■ WHAT IS NEEDED ■
Look through the entries below for the line with "A copper cent" and the line with "為加強師宗縣教師隊伍建設,經", then give again exactly those two lines and all lines between them, minus the pictures.

■ PROVIDED RECORDS ■
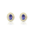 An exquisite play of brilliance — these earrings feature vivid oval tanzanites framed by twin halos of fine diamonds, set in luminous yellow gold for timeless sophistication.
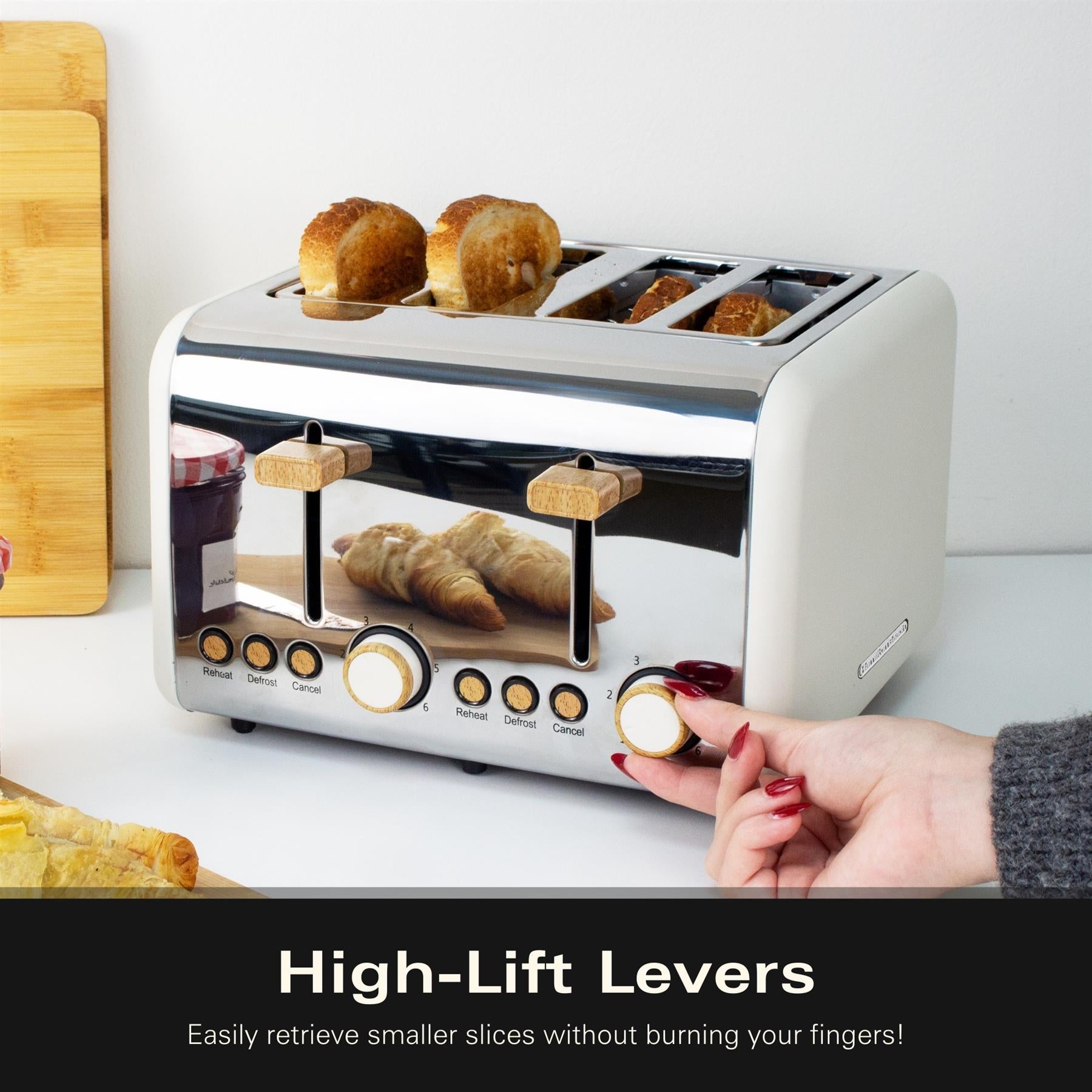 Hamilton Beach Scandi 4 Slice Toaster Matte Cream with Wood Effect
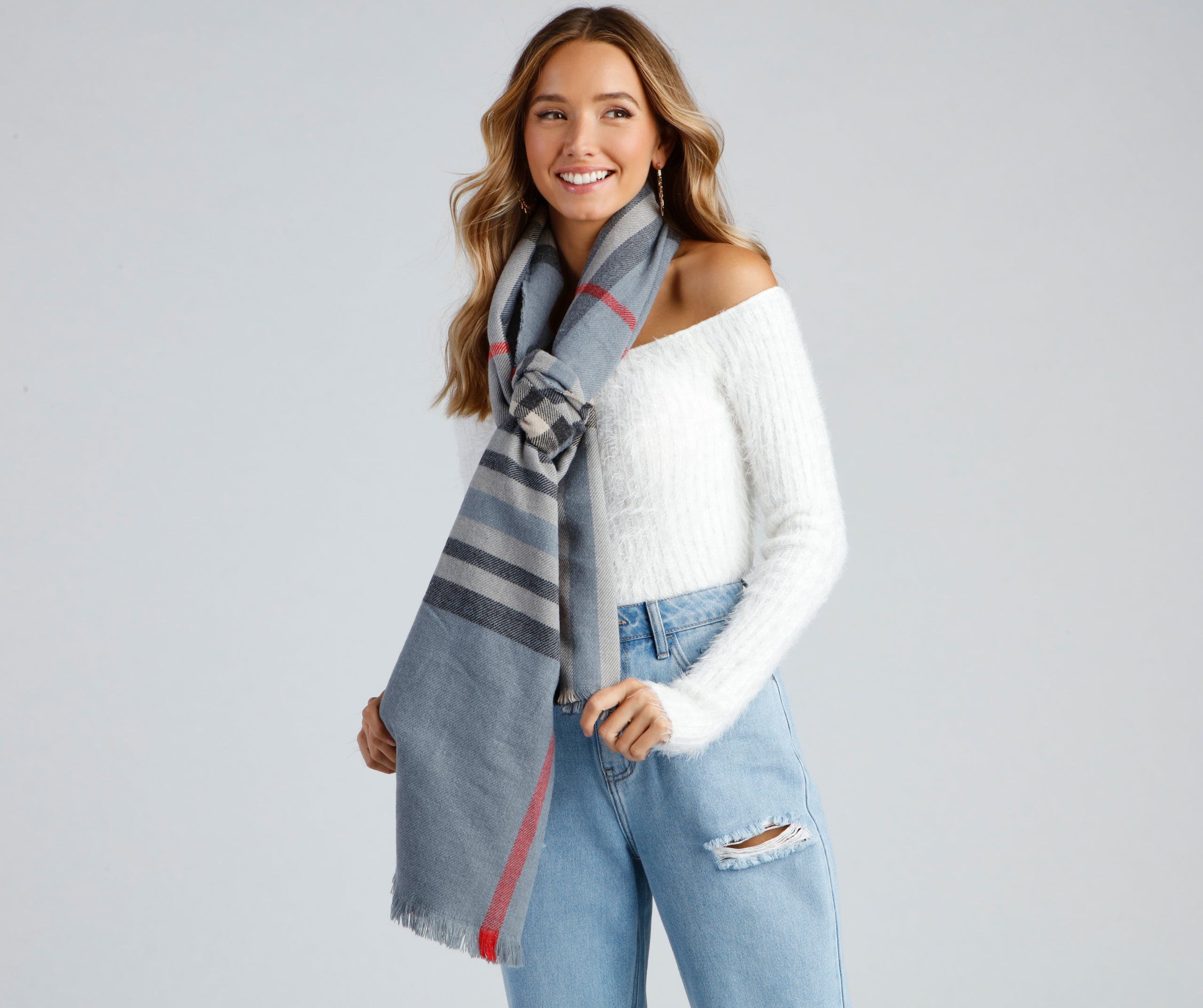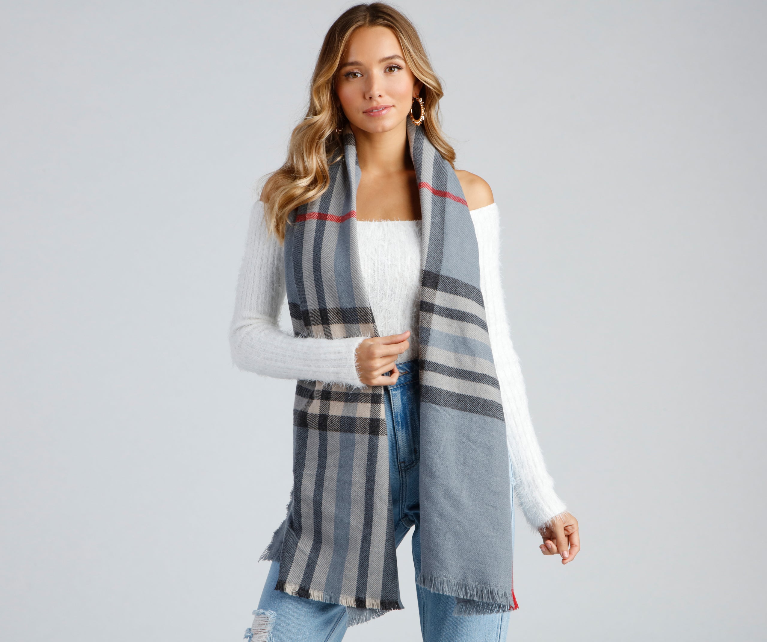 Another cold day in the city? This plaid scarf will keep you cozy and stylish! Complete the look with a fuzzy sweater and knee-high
...
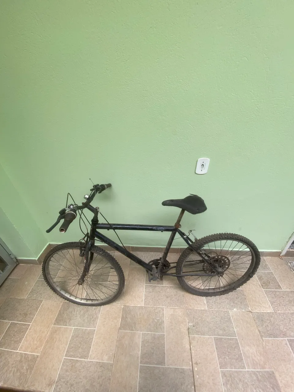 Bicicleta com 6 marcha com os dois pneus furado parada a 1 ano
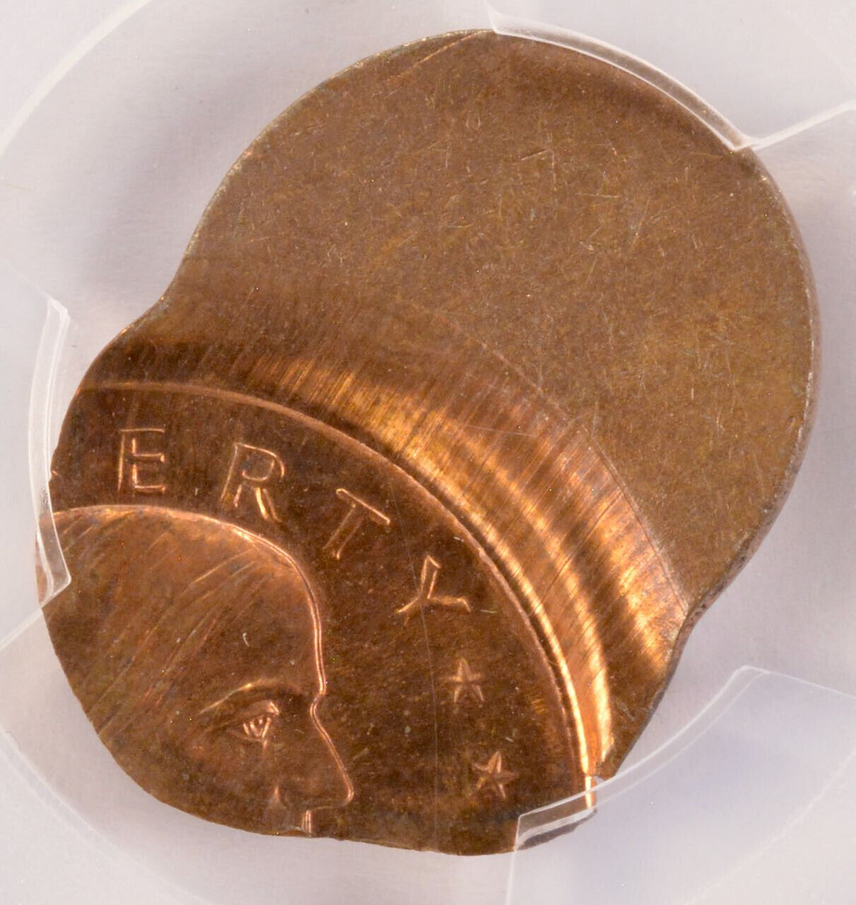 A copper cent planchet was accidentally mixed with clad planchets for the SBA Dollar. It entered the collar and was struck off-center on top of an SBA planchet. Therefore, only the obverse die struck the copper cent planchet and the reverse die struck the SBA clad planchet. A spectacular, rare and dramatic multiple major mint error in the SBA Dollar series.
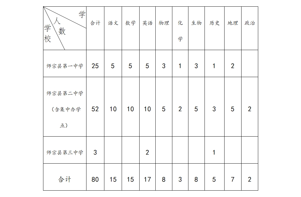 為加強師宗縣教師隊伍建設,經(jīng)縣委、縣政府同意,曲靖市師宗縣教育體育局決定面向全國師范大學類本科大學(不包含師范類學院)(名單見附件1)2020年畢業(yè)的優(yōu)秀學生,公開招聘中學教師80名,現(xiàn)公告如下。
---
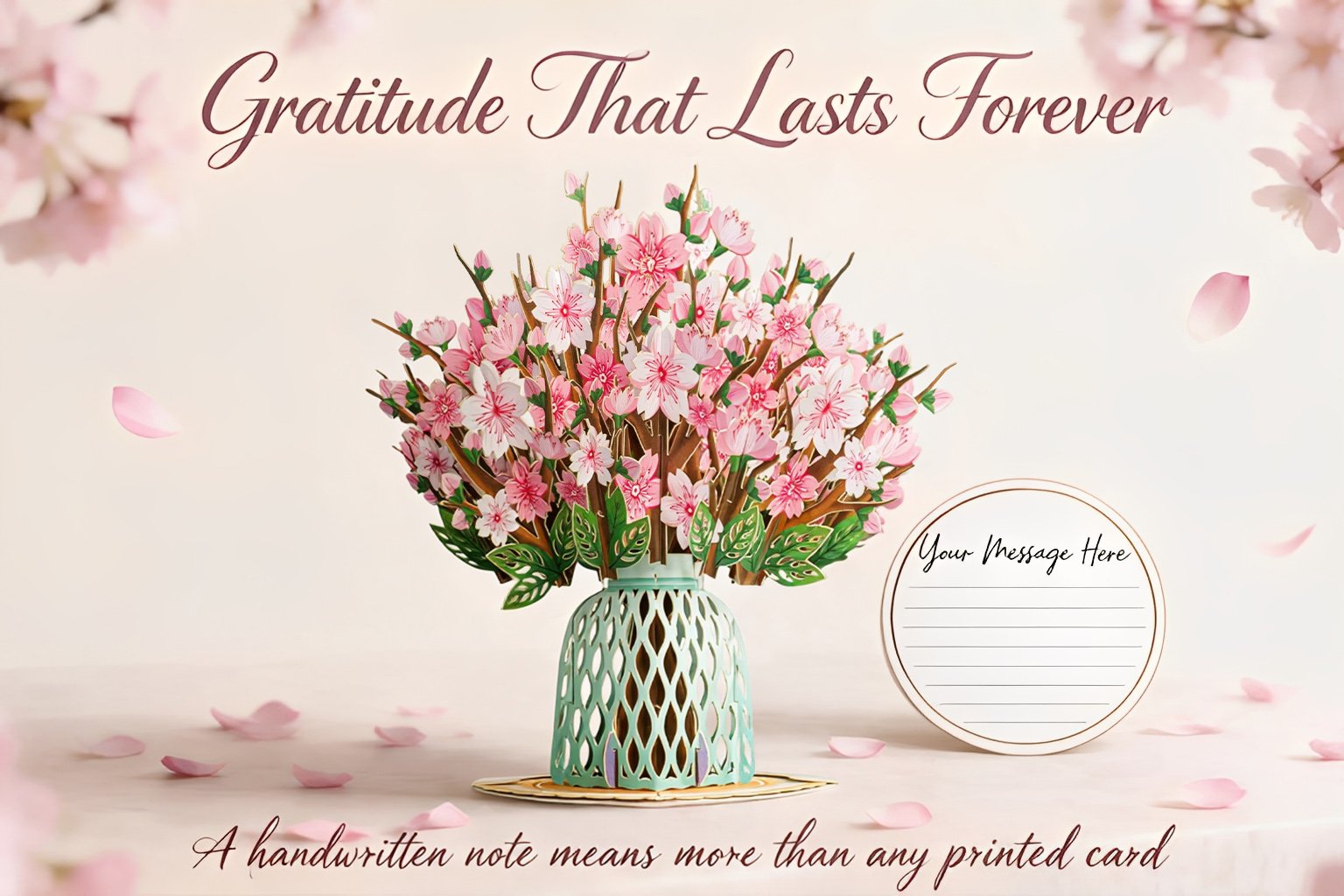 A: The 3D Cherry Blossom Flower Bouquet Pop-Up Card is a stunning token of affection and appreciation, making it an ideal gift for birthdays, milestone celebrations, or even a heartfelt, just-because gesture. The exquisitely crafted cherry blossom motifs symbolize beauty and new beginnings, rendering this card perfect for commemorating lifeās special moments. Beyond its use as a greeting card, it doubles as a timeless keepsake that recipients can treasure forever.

■ TASK ANSWER ■
 A copper cent planchet was accidentally mixed with clad planchets for the SBA Dollar. It entered the collar and was struck off-center on top of an SBA planchet. Therefore, only the obverse die struck the copper cent planchet and the reverse die struck the SBA clad planchet. A spectacular, rare and dramatic multiple major mint error in the SBA Dollar series.
 為加強師宗縣教師隊伍建設,經(jīng)縣委、縣政府同意,曲靖市師宗縣教育體育局決定面向全國師范大學類本科大學(不包含師范類學院)(名單見附件1)2020年畢業(yè)的優(yōu)秀學生,公開招聘中學教師80名,現(xiàn)公告如下。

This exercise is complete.